I realize that may not be the idea behind the shoe. I am sure the purpose of the shoe has more relevance with the musculoskeletal system, HPA, tendon tension, etc. Again, if the foot surface of the shoe were flat, this would be a non-issue.
Ronald Aalders wrote:True in cases where a full fit of the quarters on the shoe is not possible the weight will be borne by toe and heel,...
The effect at the toe and heel, although diminished when there is full wall contact, is still present. Imagine stuffing a sponge down into a funnel. The ends of the sponge get pushed toward the center of the funnel as the center prolapses down to try to find contact. Even if you cut the sponge to fit the contour of the funnel, as it is pressed into the funnel, the ends are pushed toward the center.
Ronald Aalders wrote:...but I fail to see why this has the effect you suggest. If the trim lowers the heels enough for the COA to be as close to the middle of the ground contact of the foot, the "bending in" effect does not occur. Why would it, or maybe better, why would it be more as compared with a regular shoeing job?
In soft footing, the effect would be diminished as more of the solar surface of the foot accepts load (unless a rigid pad was placed between the shoe and foot). However, the location of the COA is irrelevant to my point...and the effect does indeed occur. If the shoe itself accepts any portion of the weight bearing of that limb, the angle that the heel tubules come into the shoe is lower (than it would be if the foot surface of the shoe was flat), the vector into those tubules also changes (vs. flat foot surface). The lower the angle formed between the heel and the shoe, the more the forces come into those tubules closer to perpendicular...as such, the vector is more "forward" than "up".
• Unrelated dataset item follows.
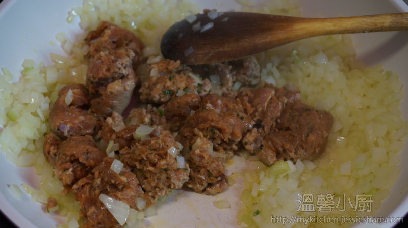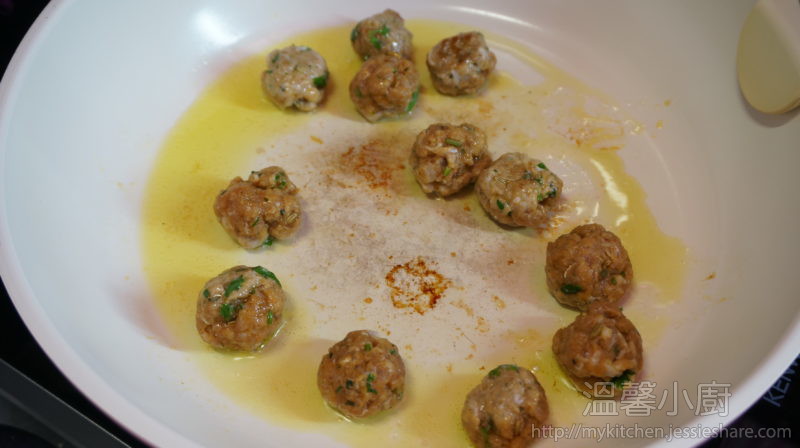 10. 另一方面,用另一個平底鍋,把香腸球用小火煎至小許金黃色,再加入少量白酒,再煮一會就關火備用
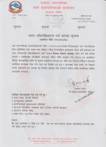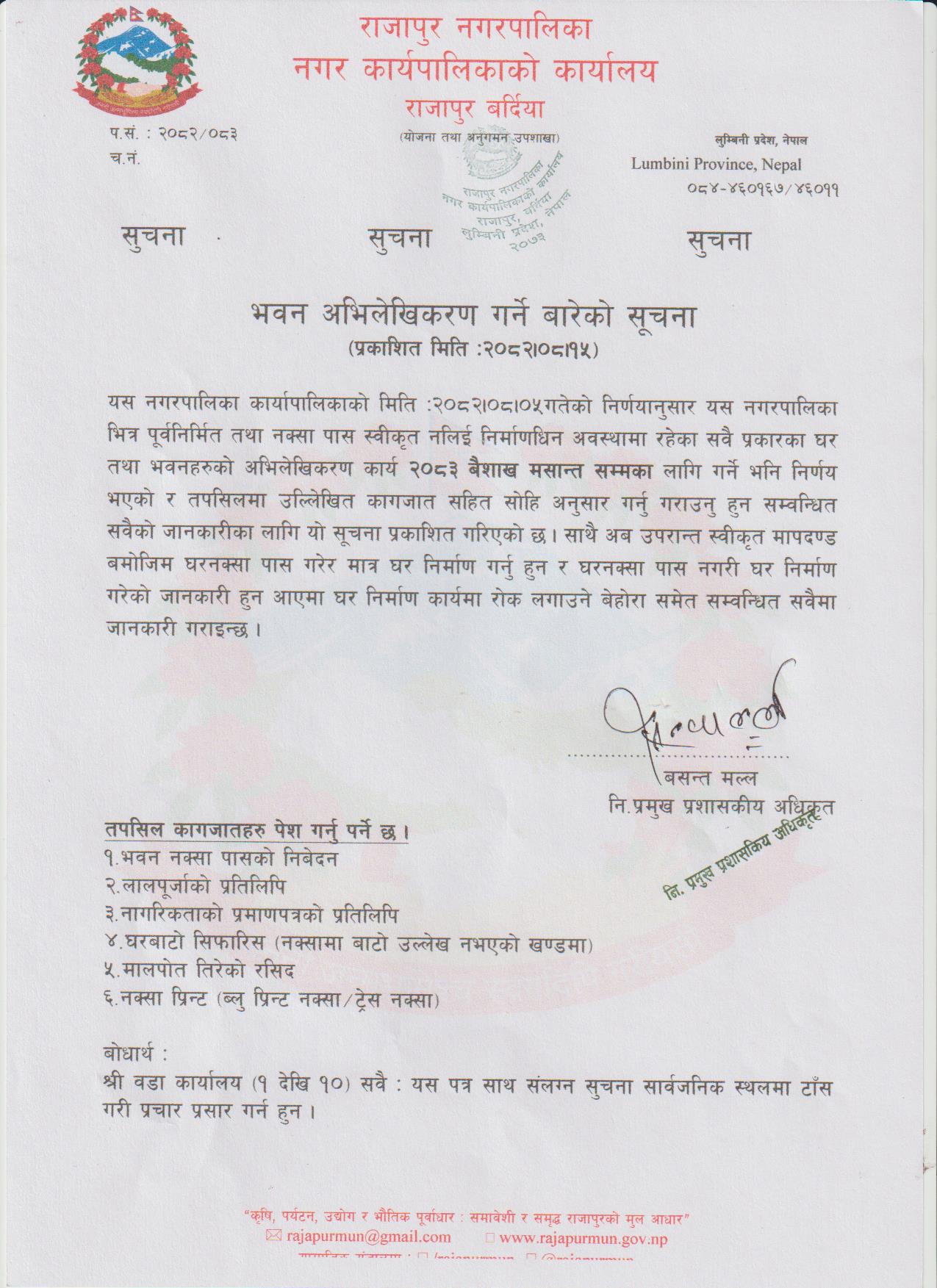 २०८३ बैसाख मसान्त सम्मका लागि भवन अभिलेखिकरण गर्ने सम्बन्धी सूचना ।

Ronald Aalders wrote:I think that a banana offers even less of that "bending in" effect you suggest because the strain of the landing is less, well, I think it must be.
As long as weight is being borne on the shoe, regardless of the exact point of the shoe that is in contact with the ground, the shoe itself will disperse that weight across the bearing surface. If that bearing surface includes heel horn, the direction of force will be more forward on those tubules in the heel than a flat shoe.
Ronald Aalders wrote:(No budget for measurements.....) Because of that "air wedge" as Redden calls it.
In the absence of subjective measurement, I will stick with the laws of vector addition.

However, it would be nice to have Pat nail one up with a force plate sandwiched in there to show the effect.